* _TO DO_
Copy out, unchanged, the entries below from the "TIOBE Index for" line to the final line. Omit pictures.

Saved entries
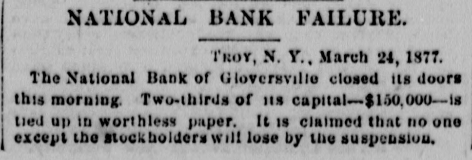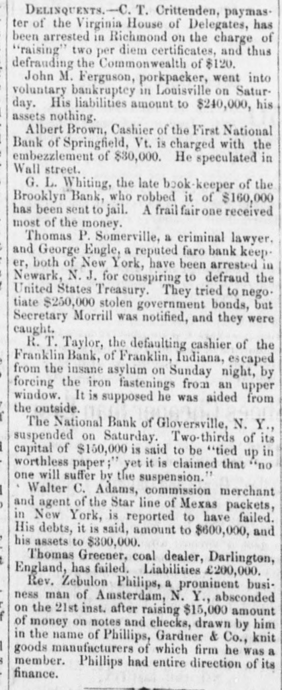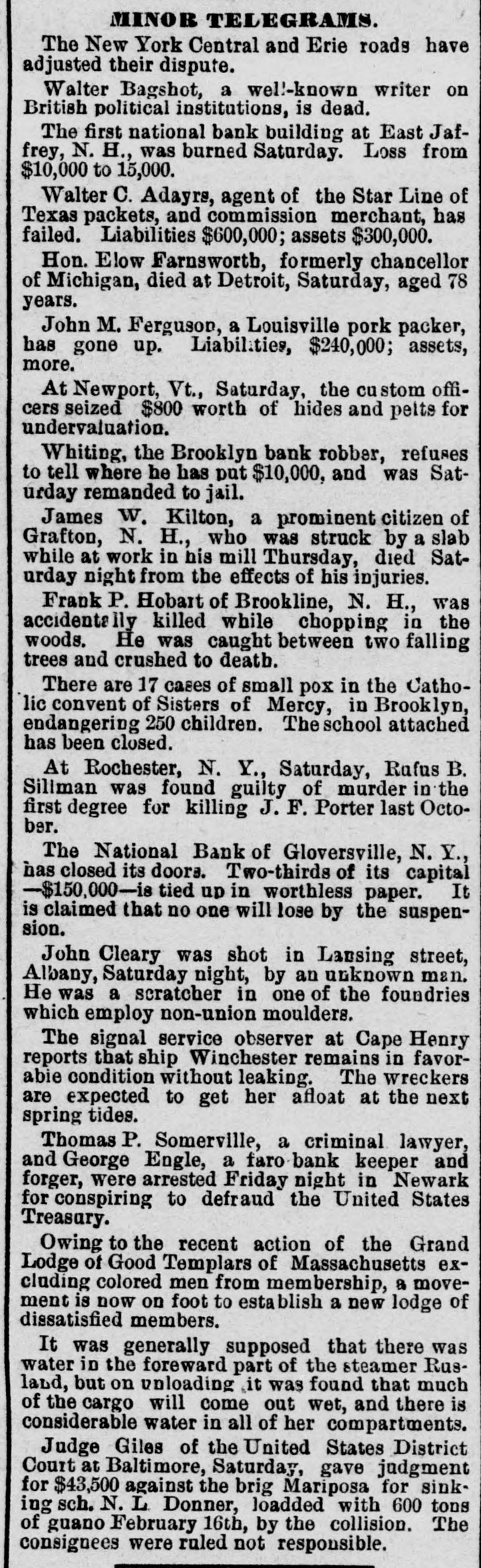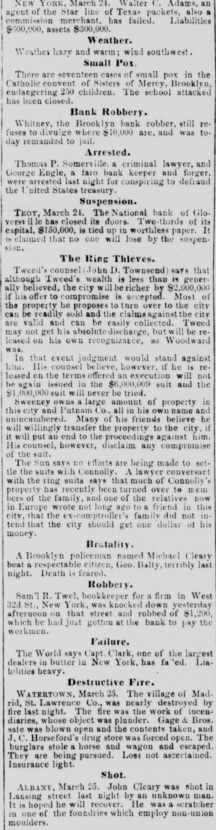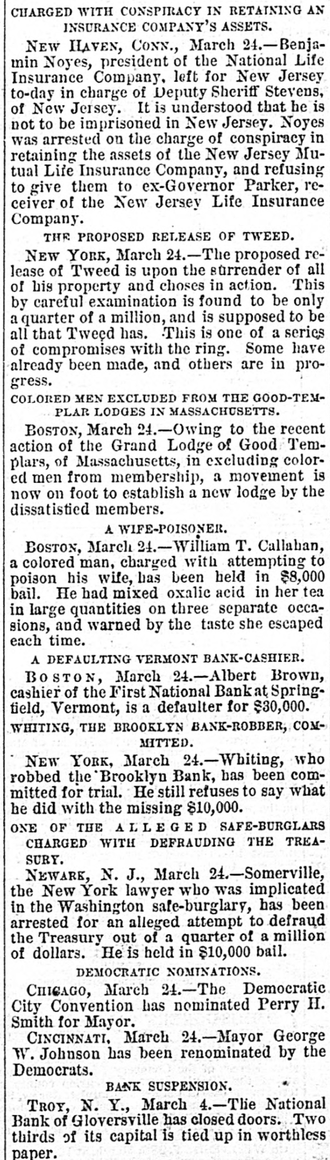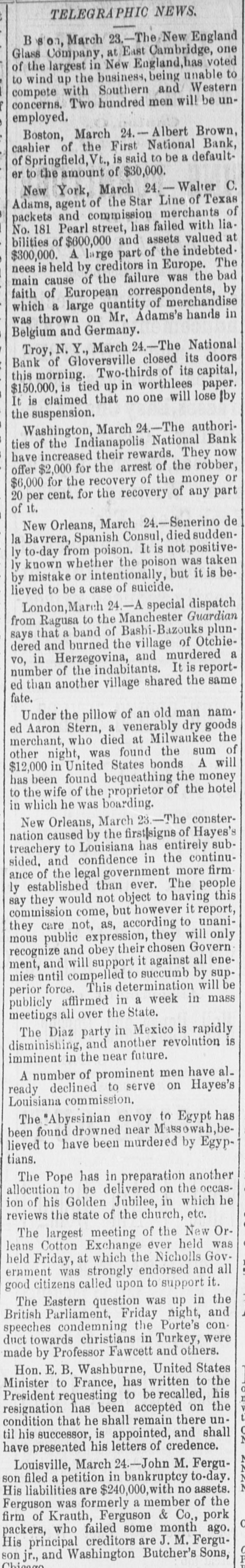 TELEGRAPHIC NEWS. Boson, March 23.-The New England Glass at East one of in New voted the Company, largest England,has Cambridge, unable to wind up the business, being to with Southern Two hundred men uncompete concerns. and will Western be employed. Boston, March 24. - Albert Brown, the First Bank, of is said to be a cashier Springfield, of National defaulter to the amount of $30,000. March 24. New York, Line Walter of of the Star Texas commission of has Adams, packets 181 agent and Pearl street, failed merchants with liaand assets at A part of $300,000. bilities No. of $600,000 large the indebted. valued The nees is held creditors in Europe. main of the failure was bad faith of cause European by correspondents, the by on Mr. in was which thrown a large quantity Adams's of merchandise hands Belgium and Germany. Troy, N. Y., March 24.-The National of Gloversville closed its doors this Two-thirds Bank morning. up worthlees of its capital, $150.000, is tied in paper. It is claimed that no one will lose by the suspension. March authorities Washington, of the Indianapolis 24.-The National Bank have increased their rewards. They now offer $2,000 for the arrest of the robber, $6,000 for the recovery of the money or 20 per cent. for the recovery of any part of it. March 24.-Senerino de la New Bavrera, Orleans, Spanish Consul, died ly from poison. It is not positively whether the was to-day known mistake intentionally, poison but it taken is beby or lieved to be a case of suicide. London, March 24.-A special dispatch from to the a band of says that Ragusa Manchester Bashi-Bazouks of Guardian Otchie- plunburned the village and a vo, dered in and Herzegovina, murdered It is number of the indabitants. reported than another village shared the same fate. Under the pillow of an old man named Aaron Stern, a venerably dry goods merchant, who died at Milwaukee the other night, was found the sum of $12,000 in United States bonds A will has been found bequeathing the money to the wife of the proprietor of the hotel in which he was boarding. New Orleans, March 23.-The consternation the Hayes's to Louisiana treachery caused by first/signs has in the entirely of continu- subsided, confidence ance the government more ly than ever. established of and legal The having people firm- this say they would not object to commission come, but however it report, as, according to unanimous only and recognize they care public not, expression, obey their chosen they will Govern and will support enemies to supment, until compelled it succumb against all by will force. This determination be affirmed in a mass perior publicly the State. week in meetings all over Diaz in rapidly The party Mexico revolution is disminishing, and another is imminent in the near future. A number of prominent men have already declined to serve on Hayes's Louisiana commission. The "Abyssinian envoy to Egypt has been found drowned near Massowah,believed to have been murdered by Egyptians. The Pope has in preparation another allocution to be delivered on the occasion of his Golden Jubilee, in which he reviews the state of the church, etc. The largest meeting of the New Orleans ever was held at ernment all Friday, Cotton was Exchange strongly which the endorsed Nicholls held and Govgood citizens called upon to support it. The Eastern question was up in the British Parliament, Friday night, and speeches condemning the Porte's conduct towards christians in Turkey, were made by Professor Fawcett and others. Hon. E. B. Washburne, United States Minister to France, has written to the President requesting to be recalled, his resignation has been accepted on the condition that he shall remain there until his successor, is appointed, and shall have presented his letters of credence. Louisville, March 24.-John M. Ferguson filed a petition in bankruptcy to-day. His liabilities are $240,000,with no assets. Ferguson was formerly a member of the firm of Krauth, Ferguson & Co., pork packers, who failed some month ago. His principal creditors are J. M. Ferguson jr., and Washington Butcher's Sons,
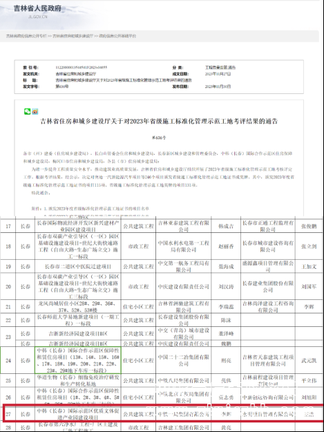 榮獲吉林省“省級(jí)施工標(biāo)準(zhǔn)化管理示范工地”榮譽(yù)稱號(hào)
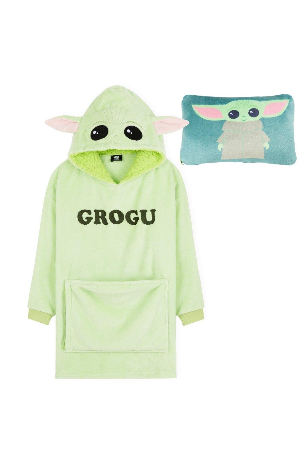 The Mandalorian Baby Yoda Kids Hoodie Blanket And Cushion 2-In-1
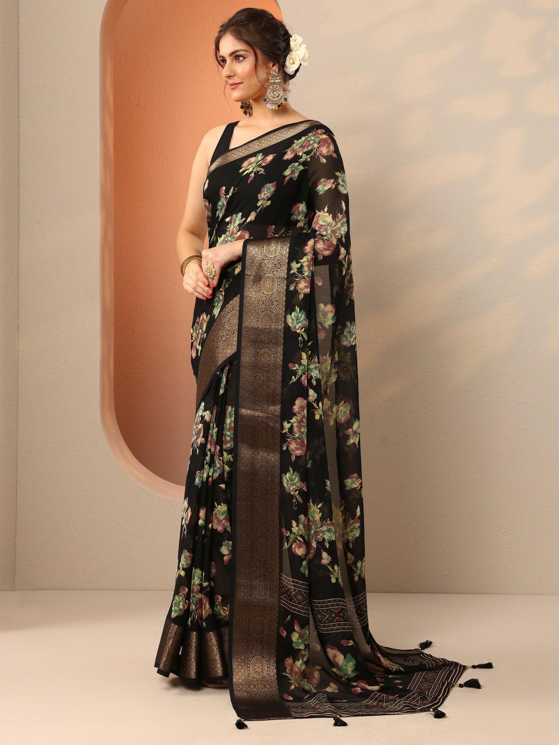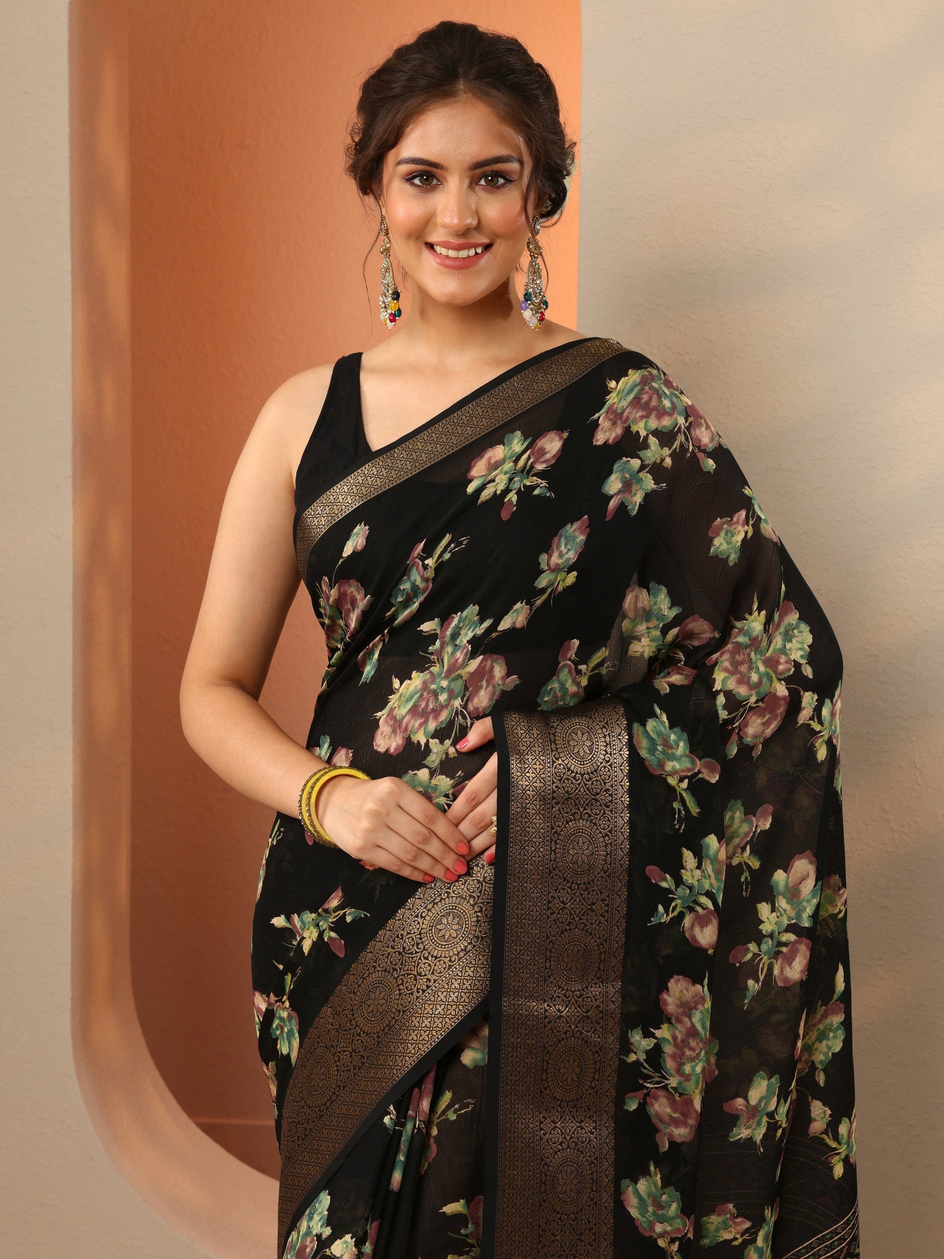 Black Printed Georgette Saree With Unstitched Blouse Piece
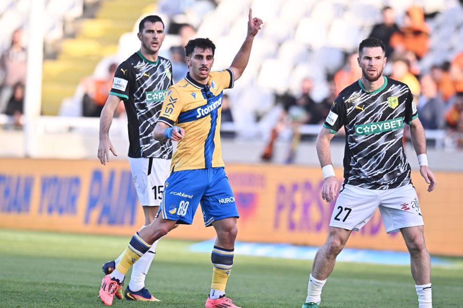 Στο 45ο λεπτό ο Νικόλας Κούτσακος έγραψε το 1-0 για το ΑΠΟΕΛ κόντρα στην ΑΕΚ, όμως οι Λαρνακείς απάντησαν με Καμπρέρα στο 45+4'.
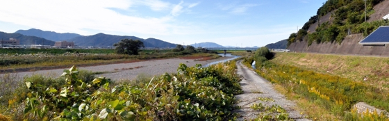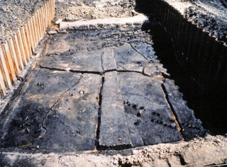 弥生時代前期の遺跡。北川の現流路河床に位置する。昭和62年、北川改修工事中に発見された。遺物包含層は海抜-1.0m以下にあるシルト質泥炭層で、弥生時代前期の土器約1,000片と縦斧の柄(カシ製)、黒漆塗高杯(ケヤキ製)、ヒョウタン果皮等が出土した。河川後背の湿地に遺物が廃棄されて形成された遺跡で、近傍の自然堤防上には集落が、周辺低地には水田が広がっているものと推測されている。
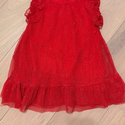 Dyp rød farge, med luftig tyllskjørt og stor dekorativ sløyfe bak. Matchende sko følger med (se bilder).
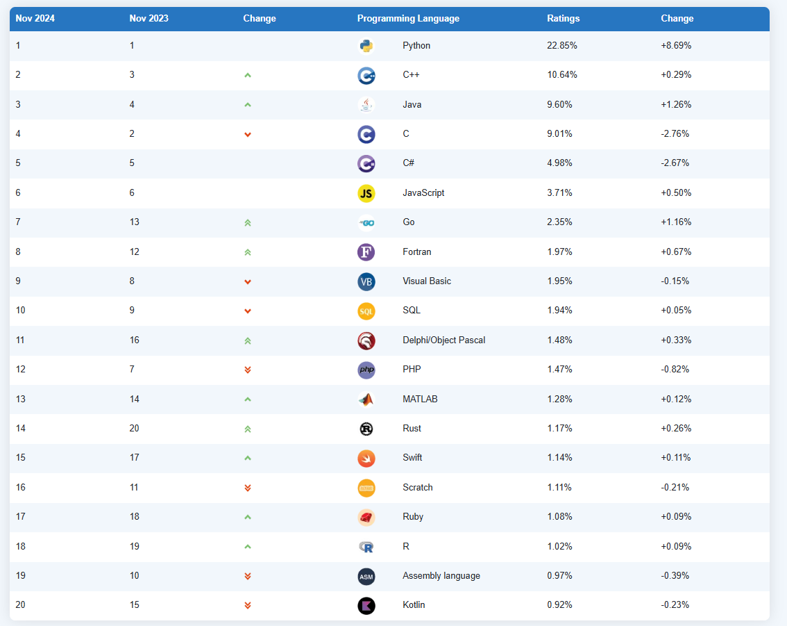 TIOBE Index for November 2024 - 프로그래밍 언어의 인기도 변화
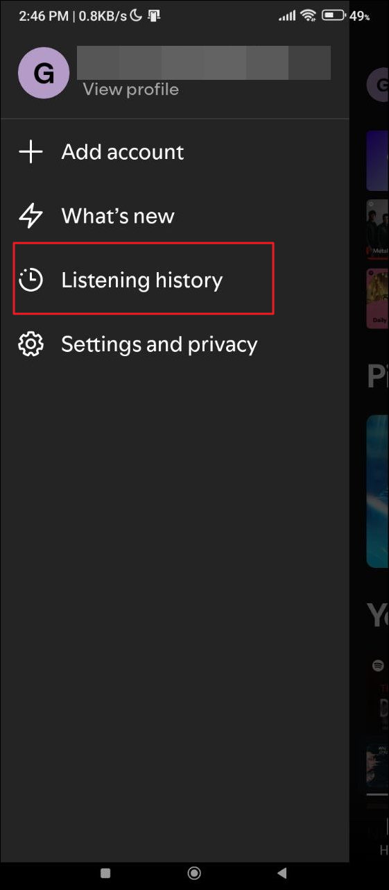- Tap on 'Listening History' to see what you've listened to recently.

* _SOLVED EXERCISE_
 TIOBE Index for November 2024 - 프로그래밍 언어의 인기도 변화
- Tap on 'Listening History' to see what you've listened to recently.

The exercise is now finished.